- _Data extracted from a collection_:
========

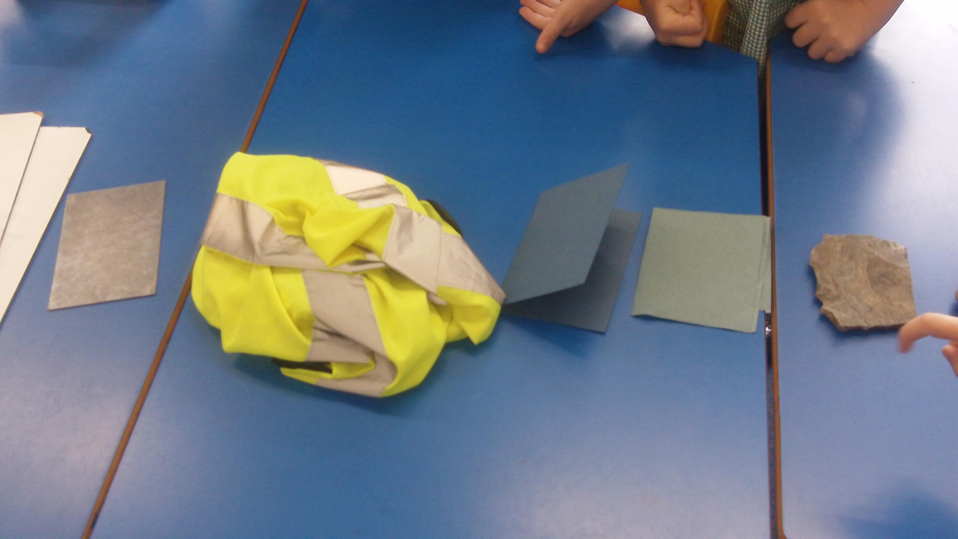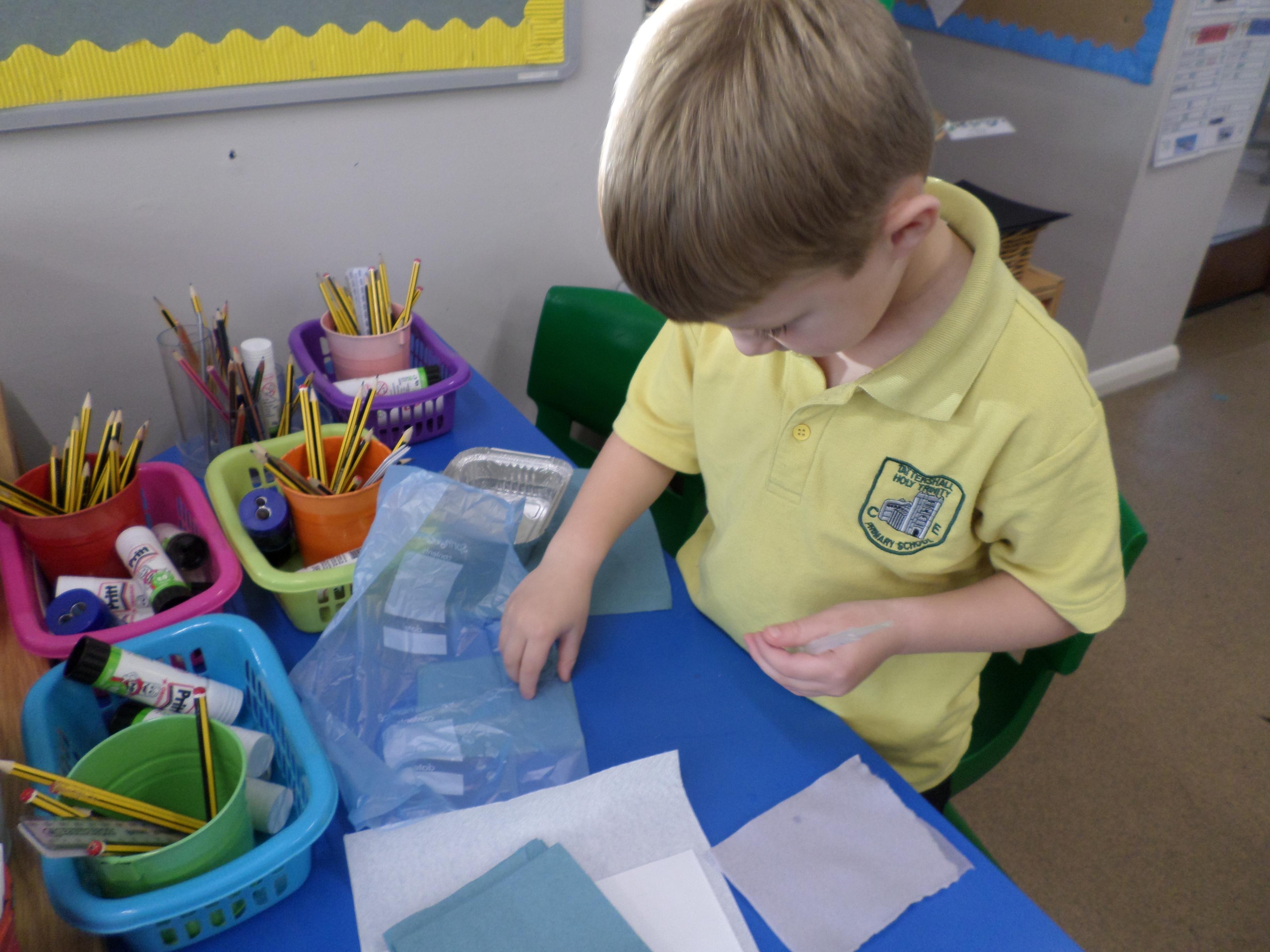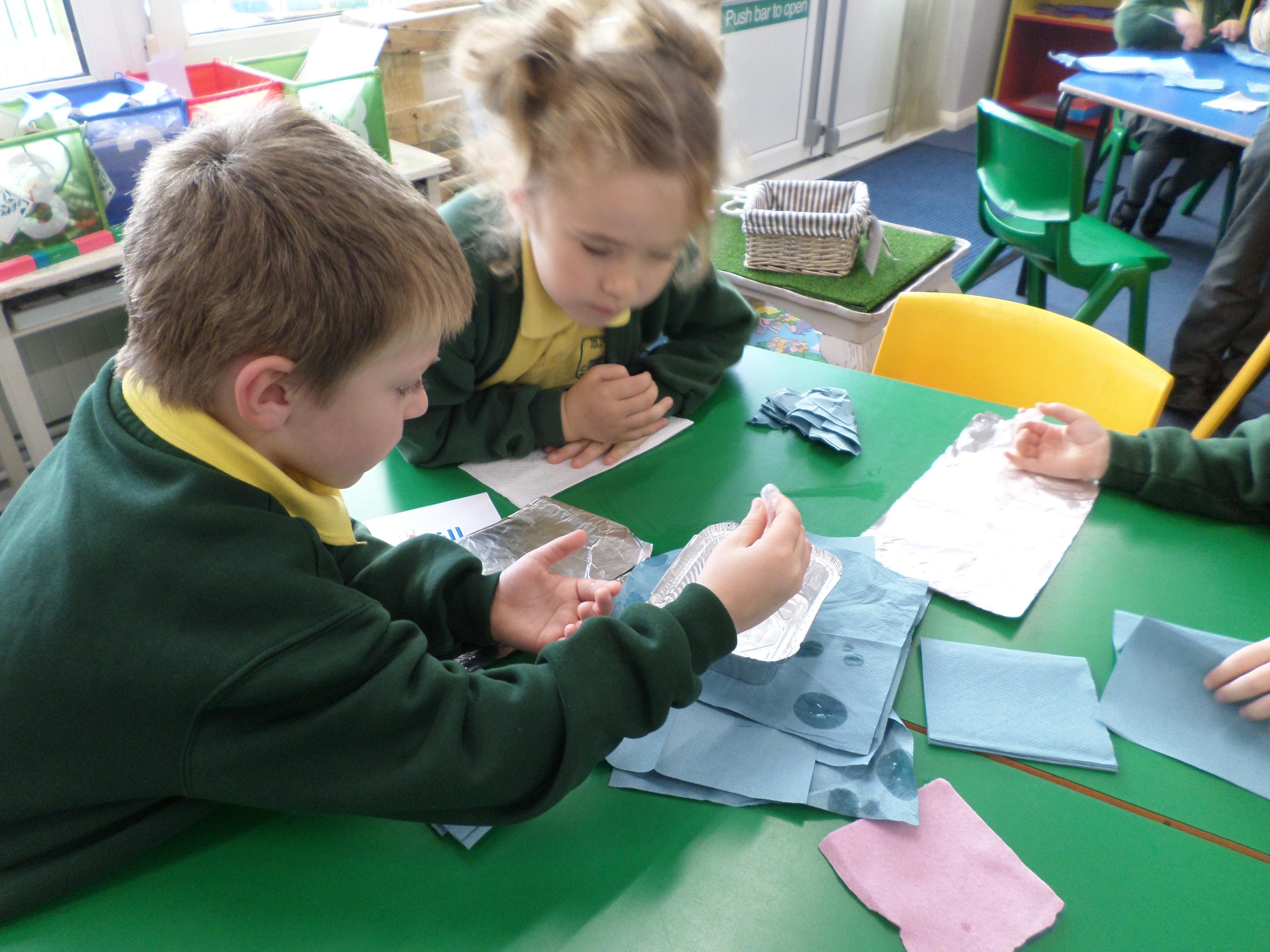 Our Class Puppet Billy had been out in the rain with his woolly hat on thinking his hair would stay dry. Instead it got very wet indeed! He asked Willow Class to investigate which material would make a better, more waterproof hat. He suggested a list of different materials for different reasons: paper (because it's easy to fold), paper towel (he thought the towel part might keep him dry), plastic (as it didn't work for Discovery Dog to mop up Naughty Nora's puddles), silver foil (because it's flexible and shiny) or felt fabric (because it's soft and comfy to wear).
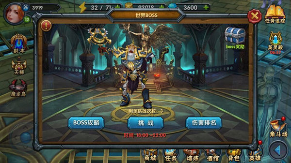 ★强大BOSS之战 Boss之战是玩家在游戏中最值得期待的,前期的升级装备,提升自身实力,都是为了和最终的BOSS一决胜负, 《刀塔世纪》世界BOSS不止一名,每个BOSS的弱点都不一样,需要自由搭配才能战出最高伤害值,大大增加了玩家的乐趣,战斗也会变得激情不断。
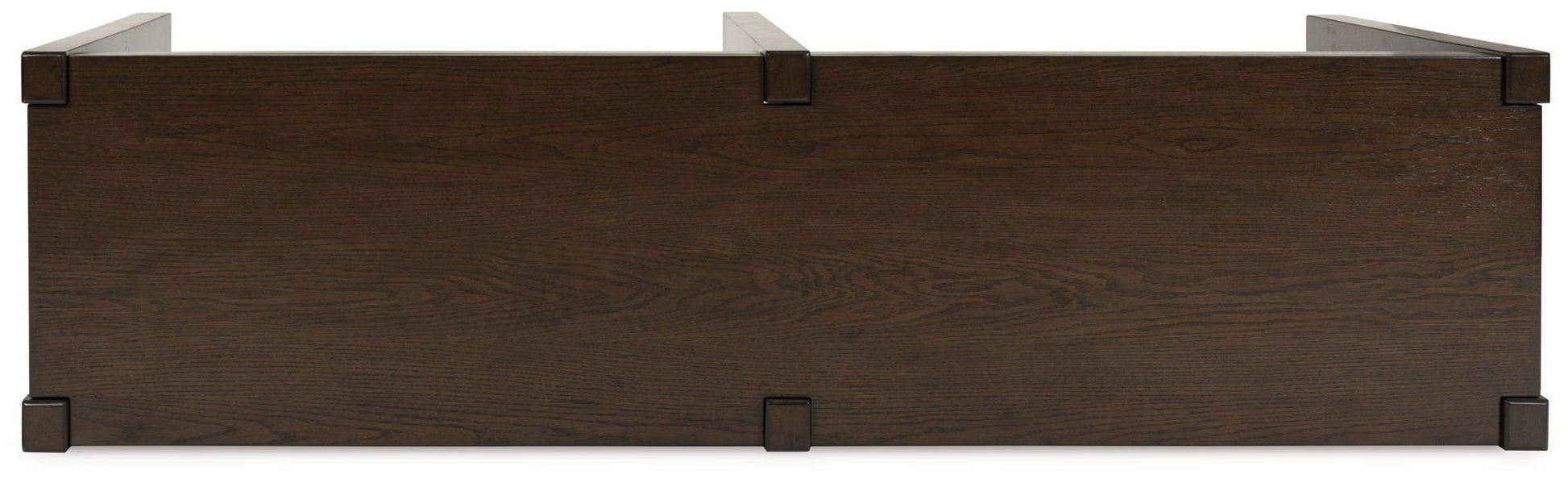 If casual contemporary style is your thing, then you'll love this sofa table. A wood-tone finish with a rich, dark grain contrast lends a soothing sensibility, while two independent adjustable shelves add function to great form. Sleek and stylish, this versatile piece is also ideal as a TV stand or console bookcase. What a fresh take on cool for the modern home.
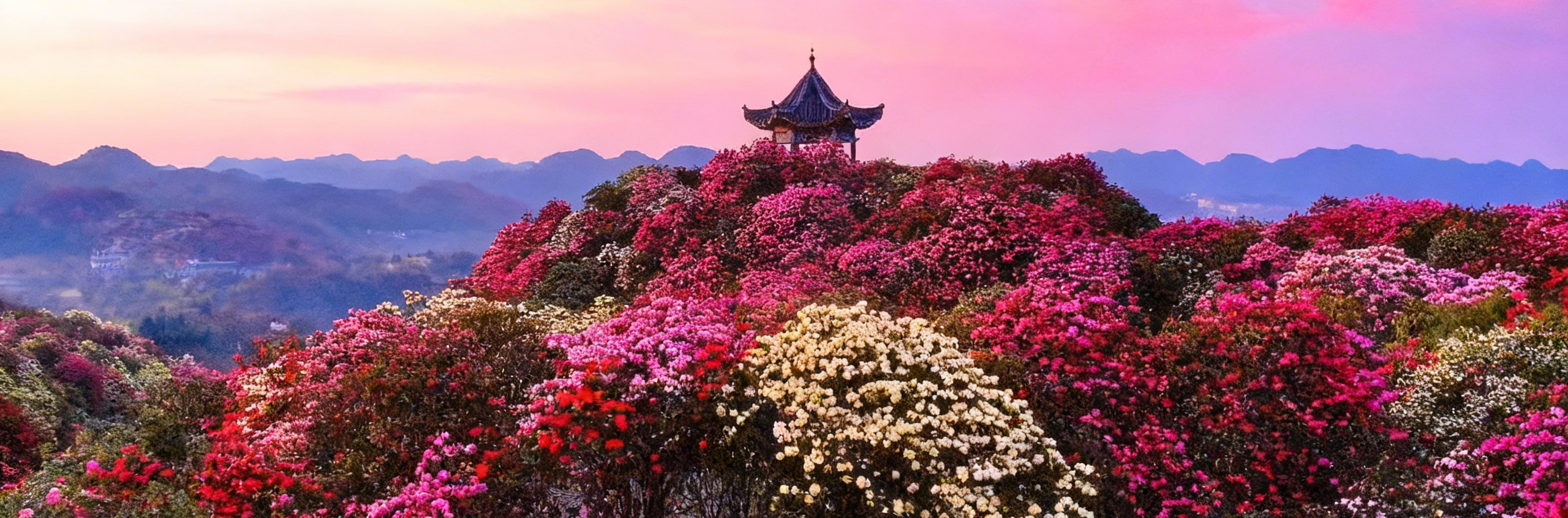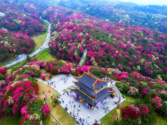 百里杜鵑: 四季風光各異,緋紅、粉白、淡紫等數十種花色織就「地球彩带」,被譽為「世界上最大的天然杜鵑花園」,是國家 5A 級旅遊景區與世界唯一的杜鵑花國家森林公園。
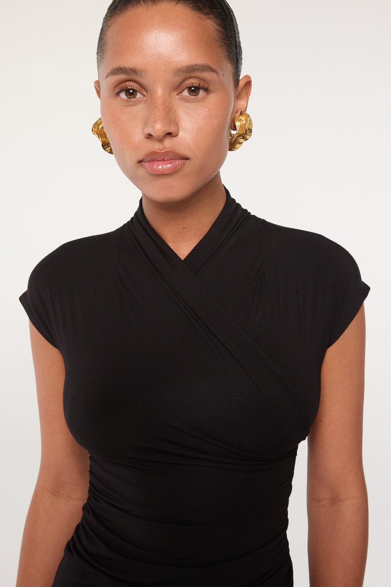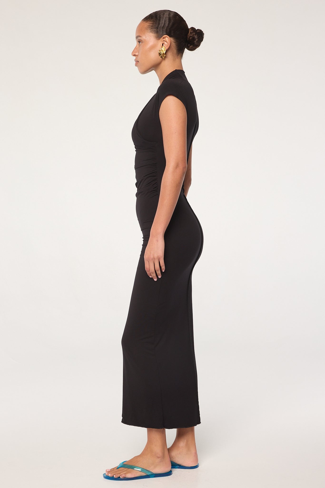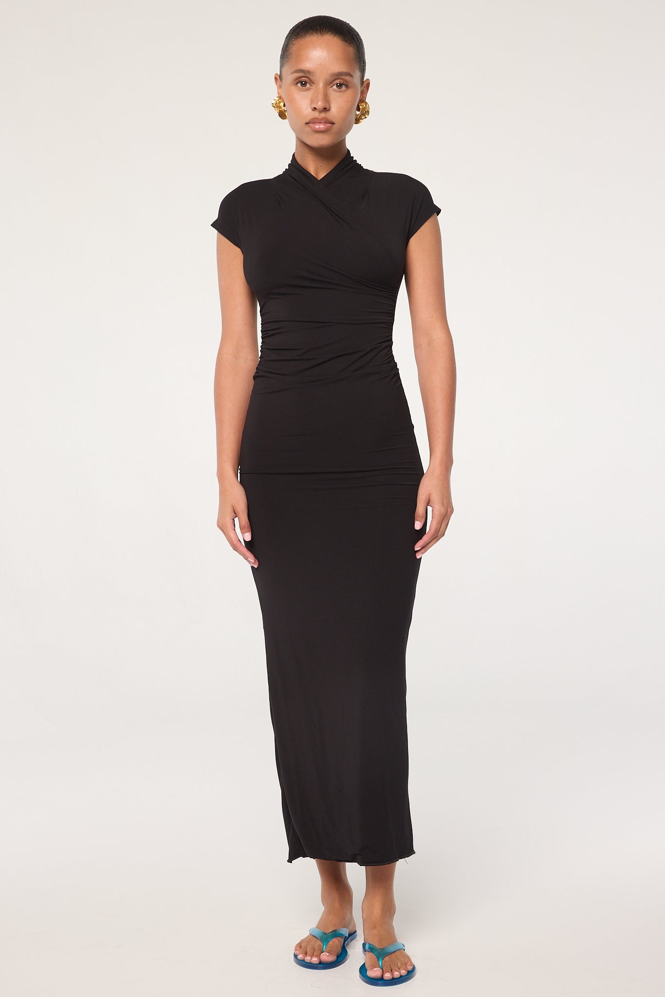 Black Wrap Neck Maxi Dress
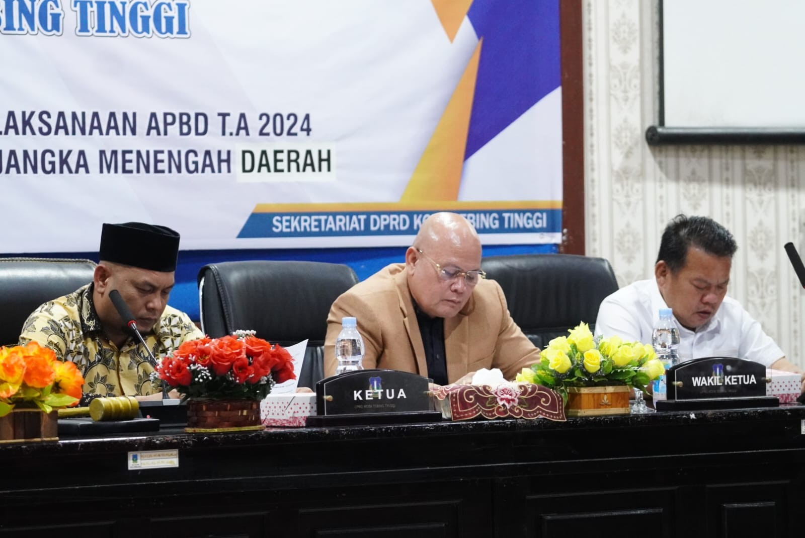 Rapat paripurna dipimpin oleh Ketua DPRD Kota Tebing Tinggi, Sakti Khadaffi Nasution, didampingi oleh Wakil Ketua I H. Muhammad Ikhwan dan Wakil Ketua II Husein, serta dihadiri oleh Wali Kota Tebing Tinggi H. Iman Irdian Saragih, Wakil Wali Kota H. Chairil Mukmin Tambunan, Plh. Sekdako H. Bambang Sudaryono, Asisten, Kepala OPD atau mewakili, Staf Ahli, Kabag, Camat dan Lurah atau mewakili, tokoh agama, tokoh masyarakat, LSM, tamu undangan, dan insan pers.
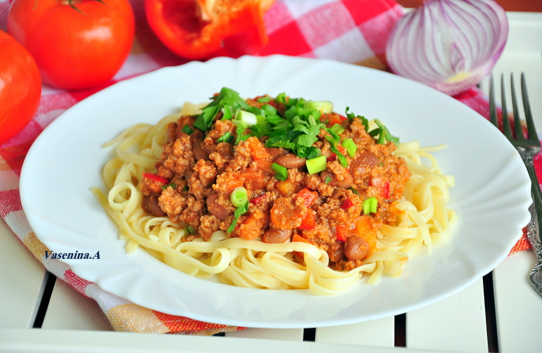 По истечению времени приготовления фарша, закладываем фасоль, аккуратно перемешиваем, добавляем соль и специи( обратите внимание, если в специях есть уже соль по умолчанию, будьте аккуратны, не пересолите блюдо)
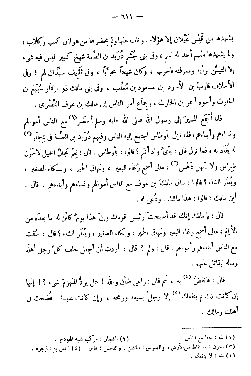 فَلَمَّا أجمع الْمسير إِلَى رَسُولِ اللَّهِ صَلَّى اللَّهُ عَلَيْهِ وَسَلَّمَ أحضر (1) مَعَ النَّاسِ أَمْوَالَهُمْ وَنِسَاءَهُمْ وَأَبْنَاءَهُمْ، فَلَمَّا نَزَلَ بِأَوْطَاسٍ اجْتَمَعَ إِلَيْهِ النَّاسُ وَفِيهِمْ دُرَيْدُ بْنُ الصِّمَّةِ فِي شِجَارٍ (2) لَهُ يُقَادُ بِهِ، فَلَمَّا نَزَلَ قَالَ: بِأَيِّ وَادٍ أَنْتُمْ؟ قَالُوا: بِأَوْطَاسٍ.

========

- _WHAT YOU SHOULD DO_: What is needed here is an exact transcription of every record above, with images excluded.

- _ANSWER FOR THIS EXERCISE_:
 Our Class Puppet Billy had been out in the rain with his woolly hat on thinking his hair would stay dry. Instead it got very wet indeed! He asked Willow Class to investigate which material would make a better, more waterproof hat. He suggested a list of different materials for different reasons: paper (because it's easy to fold), paper towel (he thought the towel part might keep him dry), plastic (as it didn't work for Discovery Dog to mop up Naughty Nora's puddles), silver foil (because it's flexible and shiny) or felt fabric (because it's soft and comfy to wear).
 ★强大BOSS之战 Boss之战是玩家在游戏中最值得期待的,前期的升级装备,提升自身实力,都是为了和最终的BOSS一决胜负, 《刀塔世纪》世界BOSS不止一名,每个BOSS的弱点都不一样,需要自由搭配才能战出最高伤害值,大大增加了玩家的乐趣,战斗也会变得激情不断。
 If casual contemporary style is your thing, then you'll love this sofa table. A wood-tone finish with a rich, dark grain contrast lends a soothing sensibility, while two independent adjustable shelves add function to great form. Sleek and stylish, this versatile piece is also ideal as a TV stand or console bookcase. What a fresh take on cool for the modern home.
 百里杜鵑: 四季風光各異,緋紅、粉白、淡紫等數十種花色織就「地球彩带」,被譽為「世界上最大的天然杜鵑花園」,是國家 5A 級旅遊景區與世界唯一的杜鵑花國家森林公園。
 Black Wrap Neck Maxi Dress
 Rapat paripurna dipimpin oleh Ketua DPRD Kota Tebing Tinggi, Sakti Khadaffi Nasution, didampingi oleh Wakil Ketua I H. Muhammad Ikhwan dan Wakil Ketua II Husein, serta dihadiri oleh Wali Kota Tebing Tinggi H. Iman Irdian Saragih, Wakil Wali Kota H. Chairil Mukmin Tambunan, Plh. Sekdako H. Bambang Sudaryono, Asisten, Kepala OPD atau mewakili, Staf Ahli, Kabag, Camat dan Lurah atau mewakili, tokoh agama, tokoh masyarakat, LSM, tamu undangan, dan insan pers.
 По истечению времени приготовления фарша, закладываем фасоль, аккуратно перемешиваем, добавляем соль и специи( обратите внимание, если в специях есть уже соль по умолчанию, будьте аккуратны, не пересолите блюдо)
 فَلَمَّا أجمع الْمسير إِلَى رَسُولِ اللَّهِ صَلَّى اللَّهُ عَلَيْهِ وَسَلَّمَ أحضر (1) مَعَ النَّاسِ أَمْوَالَهُمْ وَنِسَاءَهُمْ وَأَبْنَاءَهُمْ، فَلَمَّا نَزَلَ بِأَوْطَاسٍ اجْتَمَعَ إِلَيْهِ النَّاسُ وَفِيهِمْ دُرَيْدُ بْنُ الصِّمَّةِ فِي شِجَارٍ (2) لَهُ يُقَادُ بِهِ، فَلَمَّا نَزَلَ قَالَ: بِأَيِّ وَادٍ أَنْتُمْ؟ قَالُوا: بِأَوْطَاسٍ.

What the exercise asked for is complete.